----- Recorded data -----

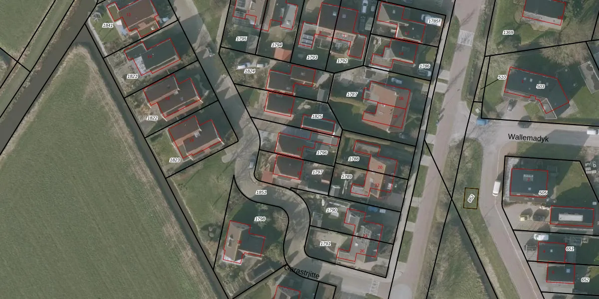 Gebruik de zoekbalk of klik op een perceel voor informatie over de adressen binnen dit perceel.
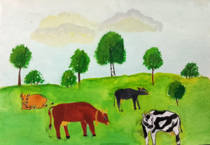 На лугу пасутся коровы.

-----
----- Recorded data -----

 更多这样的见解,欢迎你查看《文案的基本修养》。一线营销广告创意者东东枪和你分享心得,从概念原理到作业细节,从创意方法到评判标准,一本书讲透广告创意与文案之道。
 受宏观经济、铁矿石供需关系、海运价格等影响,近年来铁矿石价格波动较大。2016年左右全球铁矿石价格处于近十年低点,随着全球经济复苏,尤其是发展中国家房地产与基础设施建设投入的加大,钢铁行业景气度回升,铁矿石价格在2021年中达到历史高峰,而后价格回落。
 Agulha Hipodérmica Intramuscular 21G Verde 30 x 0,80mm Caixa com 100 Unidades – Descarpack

-----
----- Recorded data -----

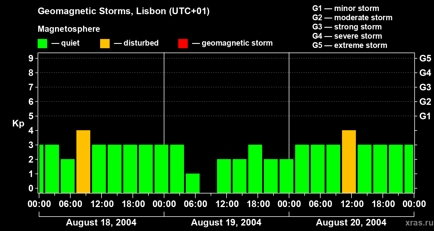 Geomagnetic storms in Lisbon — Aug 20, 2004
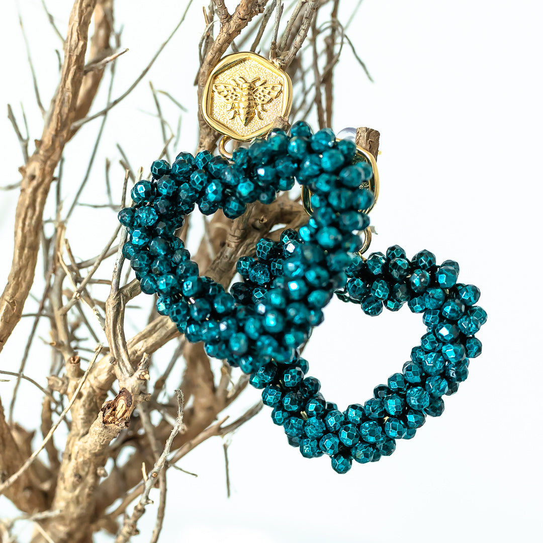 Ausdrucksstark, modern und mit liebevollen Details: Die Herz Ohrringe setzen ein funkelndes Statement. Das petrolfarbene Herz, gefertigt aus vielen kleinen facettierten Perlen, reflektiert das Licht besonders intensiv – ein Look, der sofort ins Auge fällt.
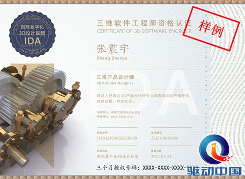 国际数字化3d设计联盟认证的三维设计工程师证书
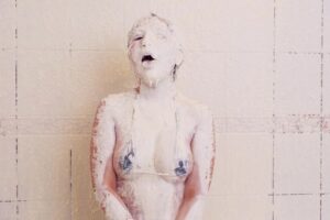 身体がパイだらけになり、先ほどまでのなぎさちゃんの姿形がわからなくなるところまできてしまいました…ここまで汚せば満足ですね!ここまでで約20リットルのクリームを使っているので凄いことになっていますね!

-----

## Exercise instructions
Would you set down only the lines above from the line with "Gebruik de zoekbalk" to the line with "На лугу пасутся коровы.", both included, exactly as they stand and without the pictures?

## Task solution
 Gebruik de zoekbalk of klik op een perceel voor informatie over de adressen binnen dit perceel.
 На лугу пасутся коровы.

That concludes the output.